Input records →
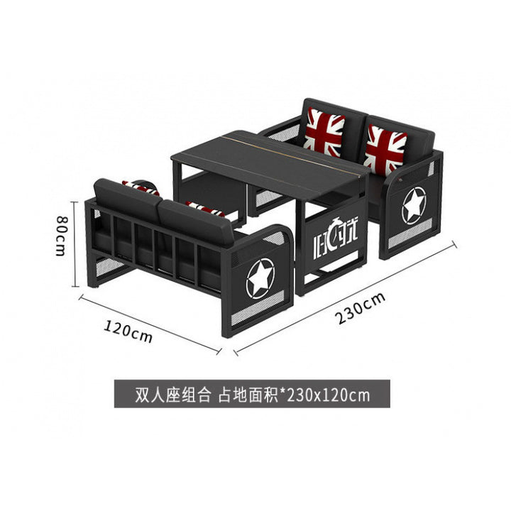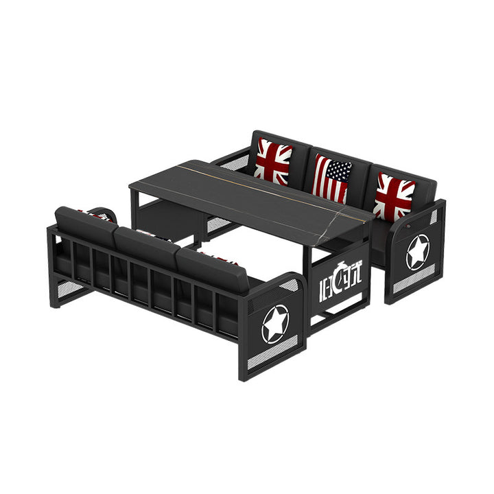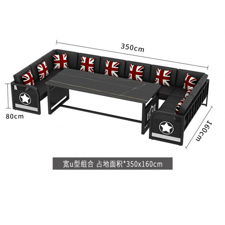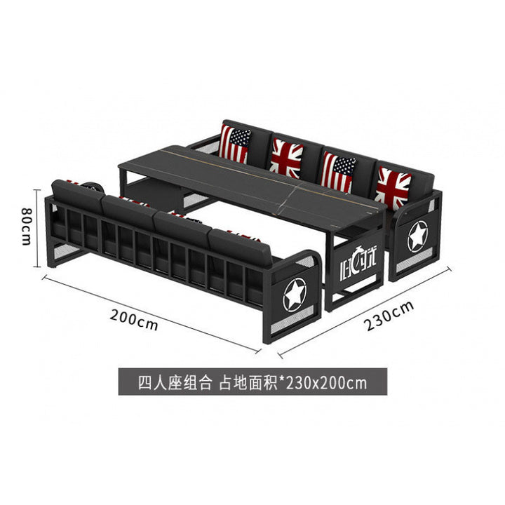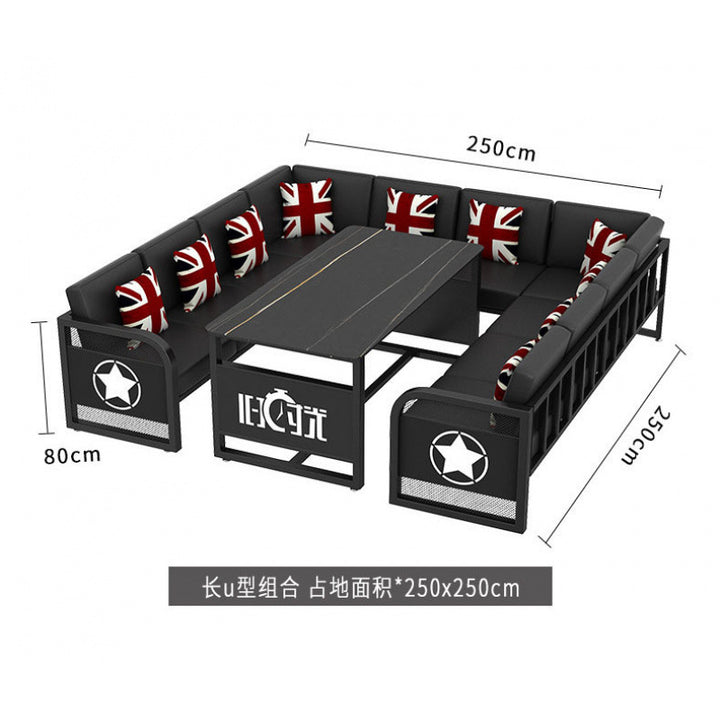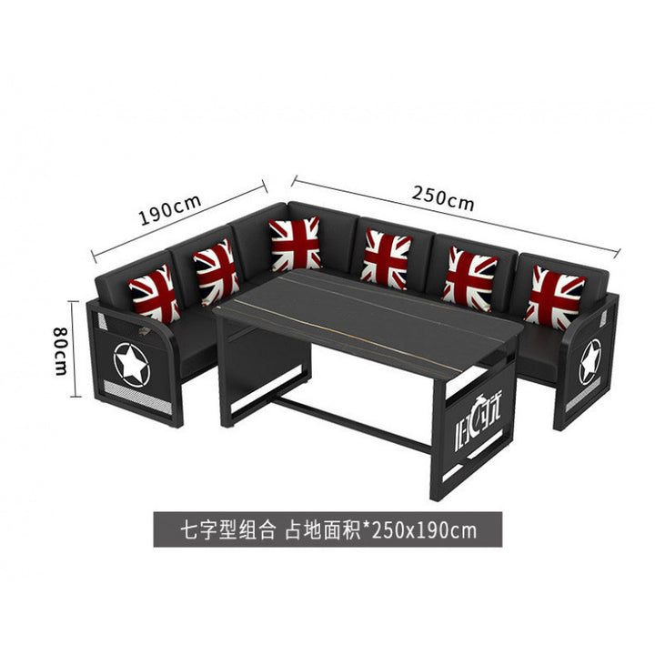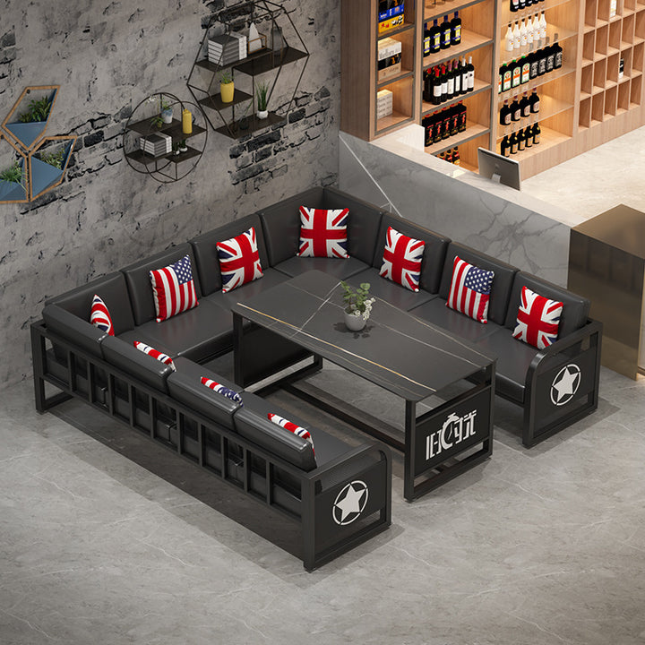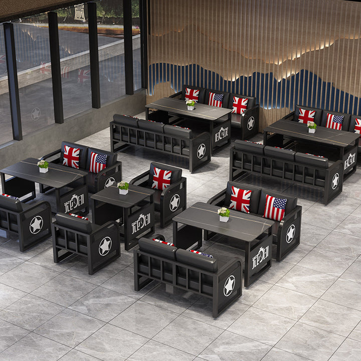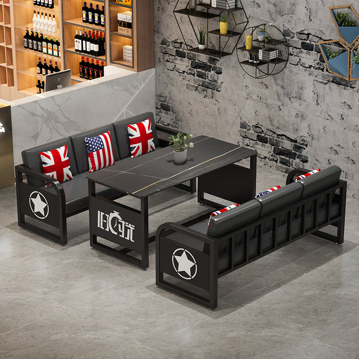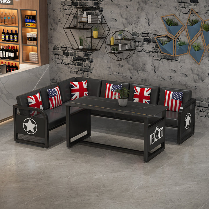 Retro industrial wind clear bar music dining bar booth sofa, bar pub black wrought iron rock slab table and chair combination
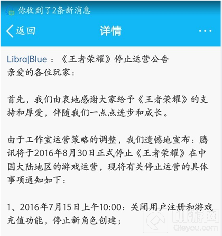 欢迎您来到王者荣耀!近日,小妲己接到部分召唤师询问及反馈,在部分渠道出现一篇名为“王者荣耀停止运营公告”的不实信息!在此,妲己宝宝代表王者荣耀项目组郑重声明:所有关于王者荣耀停止运营的信息皆为谣言,是部分具有不正当企图的人故意抹黑的行为。
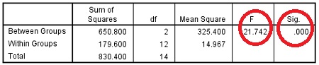 در مرحله بعد نتایج خروجی SPSS مشاهده می‌گردد. در این جدول دو شاخص F و Sig مهم هستند. اگر Sig کمتر از ۵ صدم باشد به معنی این است که بین گروه‌ها تفاوت معناداری وجود دارد که در جدول زیر نیز این تفاوت دیده می‌شود.
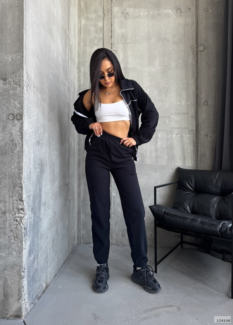 Кофта вільного крою, застібається на блискавку. Штани джогери, 2-і кишені. Кофта та штани оброблені кантом.
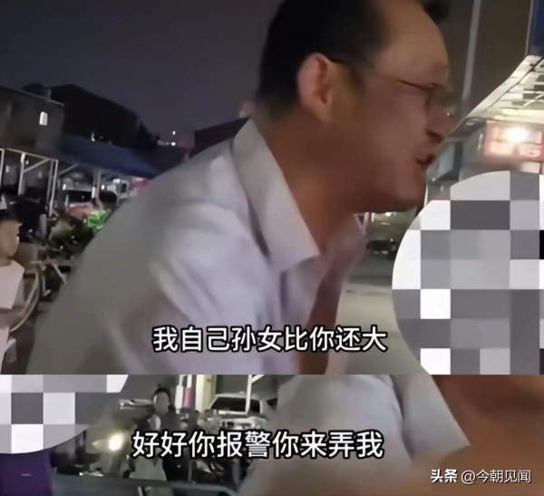 老大爷情绪非常激动,还用手指比划着,大声呵斥说:"我自己孙女比你还大,你要报警那就报!"

What you are asked to do →
With the pictures left aside, write out all of the records above exactly.

Result of this exercise →
 Retro industrial wind clear bar music dining bar booth sofa, bar pub black wrought iron rock slab table and chair combination
 欢迎您来到王者荣耀!近日,小妲己接到部分召唤师询问及反馈,在部分渠道出现一篇名为“王者荣耀停止运营公告”的不实信息!在此,妲己宝宝代表王者荣耀项目组郑重声明:所有关于王者荣耀停止运营的信息皆为谣言,是部分具有不正当企图的人故意抹黑的行为。
 در مرحله بعد نتایج خروجی SPSS مشاهده می‌گردد. در این جدول دو شاخص F و Sig مهم هستند. اگر Sig کمتر از ۵ صدم باشد به معنی این است که بین گروه‌ها تفاوت معناداری وجود دارد که در جدول زیر نیز این تفاوت دیده می‌شود.
 Кофта вільного крою, застібається на блискавку. Штани джогери, 2-і кишені. Кофта та штани оброблені кантом.
 老大爷情绪非常激动,还用手指比划着,大声呵斥说:"我自己孙女比你还大,你要报警那就报!"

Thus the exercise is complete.